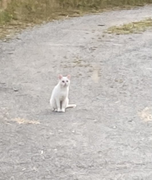 Hvit katt observert på Idse. Virker som den har vært lenge ute. Send melding om du gjenkjenner katten.
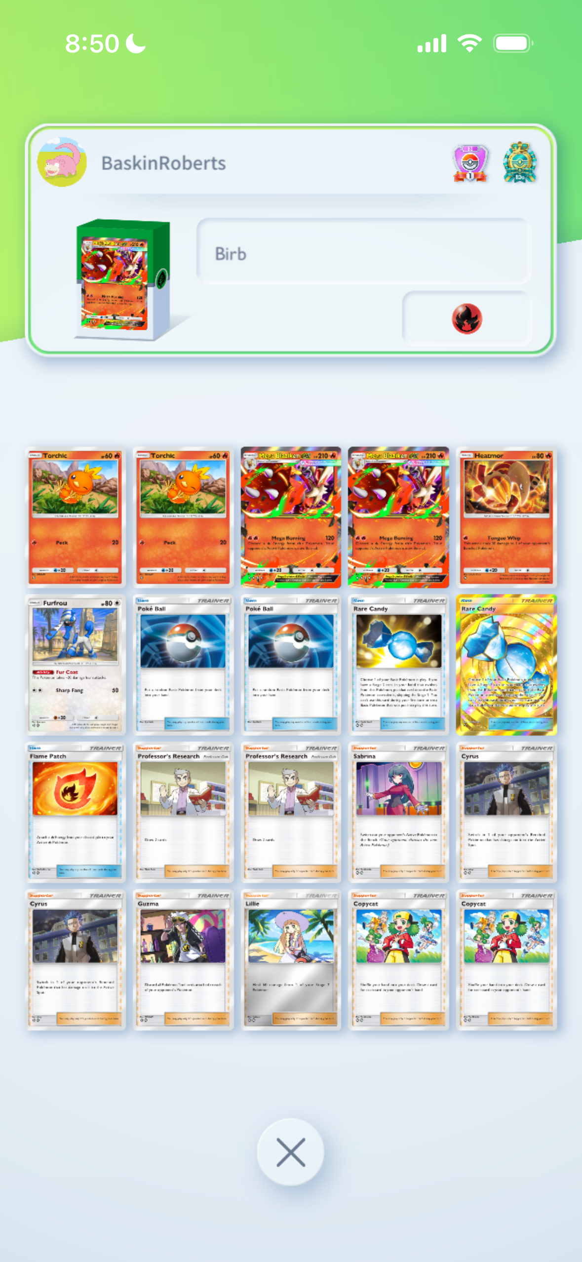 Holy fucking shit I am so fucking tired of not getting Torchic in my first three turns. Im just going to remove Heatmor and Furfrou and replace them with Torchics. Holy shit I hope whoever recommended this pile of shit deck watches their cat die slowly
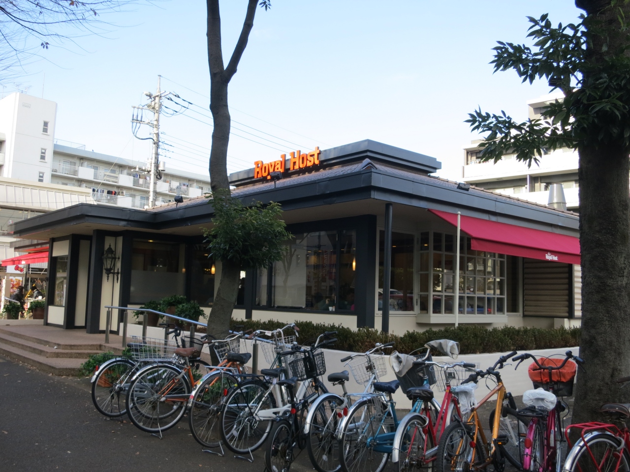 青梅街道沿いにある駐車場のあるファミレス
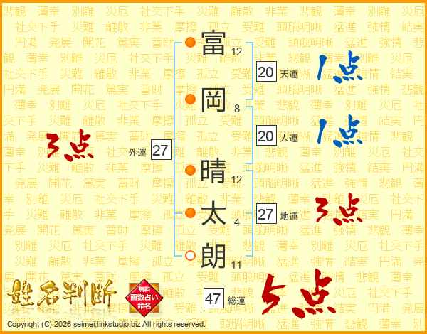 富(12画)岡(8画) 晴(12画)太(4画)朗(11画)
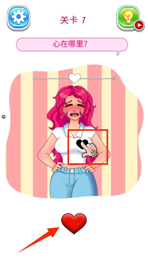 1、下载游戏完成后,可以通过手机号注册登录,关卡1你需要找到心的位置。
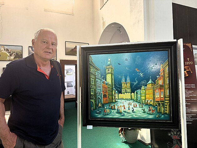 Mostecký malíř Eduard Bárta u jednoho ze svých obrazů na výstavě v Třebenicích.
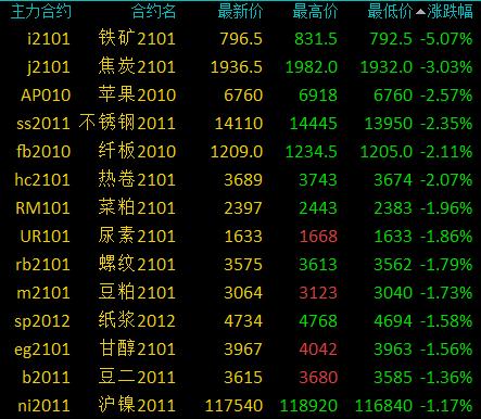 9月16日讯国内期货市场收盘,商品期货多数下跌,能源板块涨幅居前,原油期货涨超3%,燃油、液化石油气、郑煤涨超1%。黑色系大跌,铁矿大跌超5%,焦炭跌超3%,苹果、不锈钢跌超2%。 上周全国线螺市场价格连续小幅阴跌,整体下跌10—30元/吨。上周周初起期螺便一路振荡下跌,打击厂商信心,加上下游
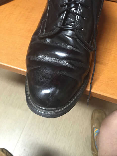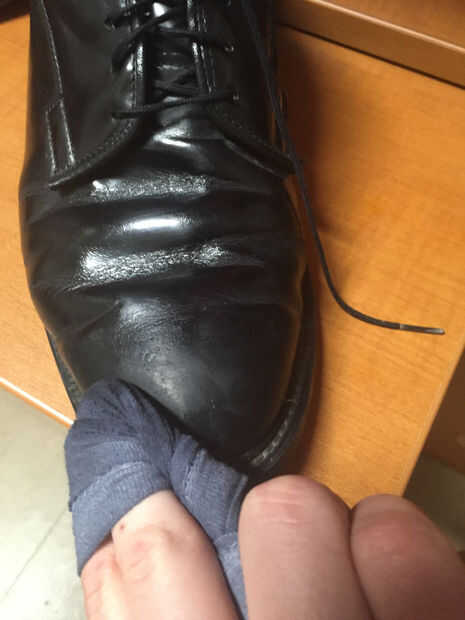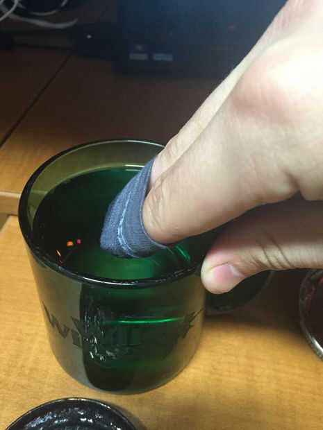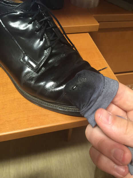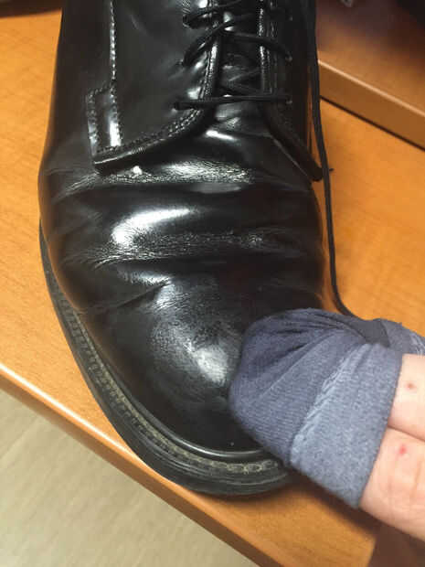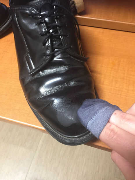Después de la primera que son pocas capas en el zapato, desea iniciar centrándose en la punta del zapato, ya que es lo que otros se centrarán. Usando la Técnica básica, poner una capa de esmalte en la punta del zapato (cuadro 1 - 2). Después de esto, toma su taza de agua tibia, sumergir la punta de los dedos de trapo cubierto de agua y unas gotas de agua en ellas (cuadro 3). Es importante que no te los dedos demasiado mojados, como esto se tornillo encima de la capa de esmalte.

● ● ● ● ● ● ●

Whatever pictures the records hold, omit them; give again exactly the lines from the one containing "Mostecký malíř Eduard" through the one containing "9月16日讯国内期货市场收盘".

[Result]:
 Mostecký malíř Eduard Bárta u jednoho ze svých obrazů na výstavě v Třebenicích.
 9月16日讯国内期货市场收盘,商品期货多数下跌,能源板块涨幅居前,原油期货涨超3%,燃油、液化石油气、郑煤涨超1%。黑色系大跌,铁矿大跌超5%,焦炭跌超3%,苹果、不锈钢跌超2%。 上周全国线螺市场价格连续小幅阴跌,整体下跌10—30元/吨。上周周初起期螺便一路振荡下跌,打击厂商信心,加上下游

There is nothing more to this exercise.